Durable memory vs. per-job context

Not all context ages the same way.

Durable memory is stable across every job: project conventions, behavioral guidelines, how agents should handle edge cases. This lives in a shared document loaded as memory at graph construction time. It gets computed and cached once per worker process.

Per-job context is task-specific: the user’s README, the requested platforms, the tone. This belongs in a brief document seeded into the workspace at job start where the only dynamic input to the pipeline.

The test for which category a piece of context belongs in: would it be identical across 1,000 different jobs? If yes, it’s durable memory. If it changes per job, it belongs in the brief and should never appear in the system prompt.

Thread compaction

For long-running pipelines, conversation threads grow. Older turns are less relevant than recent turns but still cost tokens on every subsequent call.

Thread summarization middleware handles this automatically. When the thread exceeds a configurable token threshold, older turns are compacted into a summary paragraph. The last N messages stay verbatim and recent context is the most relevant.

Best practice: Don’t set the summarization threshold too low. Summarizing at 80% of context capacity gives the agent room to work without constantly compacting. Summarizing at 40% wastes tokens on summary overhead.

Part 6: The Orchestrator

Coordination, not execution

The orchestrator’s role is exactly one thing: read the brief, delegate in sequence, verify completion, report done.

It explicitly does not produce content. This is a hard architectural constraint, not a guideline.

The orchestrator has the broadest context in the system. If it starts reasoning about domain-specific tasks like writing content, making factual judgments, formatting outputs and it will produce adequate results at the cost of long reasoning traces filling its context window, confusion between its coordination role and the domain role it just assumed, and bypassing the quality controls that subagents implement. Any time the orchestrator is tempted to produce domain-specific output, a subagent is missing from the design.

Build once, reuse always

The orchestrator’s construction is expensive: loading skill files from disk, initializing the model client, compiling the graph. Cache it at the process level. Build once per worker, reuse across every job.

A worker processing 40 jobs per hour builds the graph once and reuses it 40 times. A module-level singleton is Python’s simplest and most reliable pattern here.

Enforcing pipeline invariants in the prompt

The orchestrator’s system prompt is where pipeline rules are codified: only generate platforms listed in the brief, always run verification last, pass the job ID explicitly to every subagent, never write draft files directly, confirm file existence before reporting done.
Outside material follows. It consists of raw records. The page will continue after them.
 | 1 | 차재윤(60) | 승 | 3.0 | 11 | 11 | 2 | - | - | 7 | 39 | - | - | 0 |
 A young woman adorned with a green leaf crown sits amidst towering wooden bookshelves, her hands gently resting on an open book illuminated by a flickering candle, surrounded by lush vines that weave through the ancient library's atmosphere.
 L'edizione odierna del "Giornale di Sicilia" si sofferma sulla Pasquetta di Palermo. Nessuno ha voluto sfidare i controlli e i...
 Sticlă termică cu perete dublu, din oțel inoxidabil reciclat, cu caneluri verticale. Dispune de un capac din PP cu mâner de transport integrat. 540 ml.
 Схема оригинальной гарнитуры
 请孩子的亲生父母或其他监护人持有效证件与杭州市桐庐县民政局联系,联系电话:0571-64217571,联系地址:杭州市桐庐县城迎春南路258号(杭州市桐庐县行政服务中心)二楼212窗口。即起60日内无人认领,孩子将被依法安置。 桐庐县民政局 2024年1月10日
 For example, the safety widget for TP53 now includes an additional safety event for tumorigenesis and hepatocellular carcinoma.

These are coordination rules, not hints. Make them explicit and direct. The orchestrator’s prompt should read like a technical runbook, not a creative brief.

Part 7: The Caching Stack

Caching in agent systems has more leverage than in traditional applications because you can avoid work at multiple levels. Each level has different cost savings, different hit rates, and different implementation complexity.

3-layer caching

Layer 1: Provider prompt caching

Anthropic’s prompt cache stores computed KV tensor representations of the stable prompt prefix. Subsequent requests with identical prefixes read from cache at 10% of normal input token price.

The prerequisite is strict adherence to the static-before-dynamic ordering. Cache control is applied transparently on every system message — the call site doesn’t change.
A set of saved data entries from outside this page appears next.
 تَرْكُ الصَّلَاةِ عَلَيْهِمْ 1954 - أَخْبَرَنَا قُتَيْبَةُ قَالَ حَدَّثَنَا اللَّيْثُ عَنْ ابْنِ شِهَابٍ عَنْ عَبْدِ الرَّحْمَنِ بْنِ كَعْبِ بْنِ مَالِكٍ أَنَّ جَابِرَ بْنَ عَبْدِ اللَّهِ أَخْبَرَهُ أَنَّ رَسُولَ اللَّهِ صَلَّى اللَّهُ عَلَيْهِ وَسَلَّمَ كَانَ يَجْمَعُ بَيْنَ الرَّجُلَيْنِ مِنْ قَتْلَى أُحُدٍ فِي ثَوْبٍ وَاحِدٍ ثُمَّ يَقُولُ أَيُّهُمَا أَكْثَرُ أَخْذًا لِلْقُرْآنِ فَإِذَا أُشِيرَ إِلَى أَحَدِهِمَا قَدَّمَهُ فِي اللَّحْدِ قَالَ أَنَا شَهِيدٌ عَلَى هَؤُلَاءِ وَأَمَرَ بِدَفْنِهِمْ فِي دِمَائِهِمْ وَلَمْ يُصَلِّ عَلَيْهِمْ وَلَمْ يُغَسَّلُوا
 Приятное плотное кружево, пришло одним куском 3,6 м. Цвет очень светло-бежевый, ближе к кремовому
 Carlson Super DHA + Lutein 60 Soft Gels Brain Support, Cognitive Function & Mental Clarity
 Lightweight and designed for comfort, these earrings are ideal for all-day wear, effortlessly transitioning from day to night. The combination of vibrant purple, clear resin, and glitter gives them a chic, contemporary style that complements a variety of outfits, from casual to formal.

Critical constraints engineers miss: the minimum token threshold is 1,024 tokens. Content below this fails to cache silently; no error, no warning, just a cache miss and full-price billing. Tool definition changes invalidate the entire cache hierarchy. You get at most four cache breakpoints per request.

Layer 2: Redis LLM response cache

Prompt caching reduces token cost but doesn’t eliminate API latency where you still make an HTTP call and wait for a response. A Redis response cache operates upstream of the API entirely: a cache hit means no HTTP call, no latency, zero cost.

Every LLM call in the system, orchestrator and all subagents automatically checks Redis before making any API call. The cache key is a hash of the full serialized message list combined with the model configuration. Including the model configuration in the key means a model upgrade creates new keys automatically.

Version your keys on prompt changes. Without versioning, a broken prompt gets cached and served for hours. A version bump at deploy time flushes the entire cache without touching Redis directly.

TTL by environment: Development at 5 minutes (prompt edits visible immediately), Staging at 1 hour (stable enough to catch regressions), Production at 24 hours (maximize cost savings).

Layer 3: Content identity cache

For systems where the same source material recurs popular open-source repos submitted by different users, documents processed multiple times and a content-identity cache can eliminate the most expensive pipeline step entirely.

Hash the raw source content. The same document with different user-specified parameters hashes to the same key because the source content is identical. This cache operates on content identity, not prompt identity. It bypasses the LLM entirely on a hit: no API call, no tokens, no latency. TTL can be much longer even seven days is reasonable for most content.

Part 8: Token Optimization

Tokens are the cost unit of LLM systems. Every inefficiency compounds across every user, every request, every retry.

Estimate before you execute

Never run a job without estimating its token cost first. A rough estimator uses character count divided by four (a reliable approximation for English text) plus fixed overhead for skills and context files. Log this for every job. After a week of production traffic you have real P50/P95 data. The numbers that let you set alert thresholds with confidence instead of guesswork.

Validate and truncate at the boundary

Validate input size before the job enters the queue. When input is oversized, truncate rather than reject some users with large inputs should still get results, just from the most information-dense portion of their content.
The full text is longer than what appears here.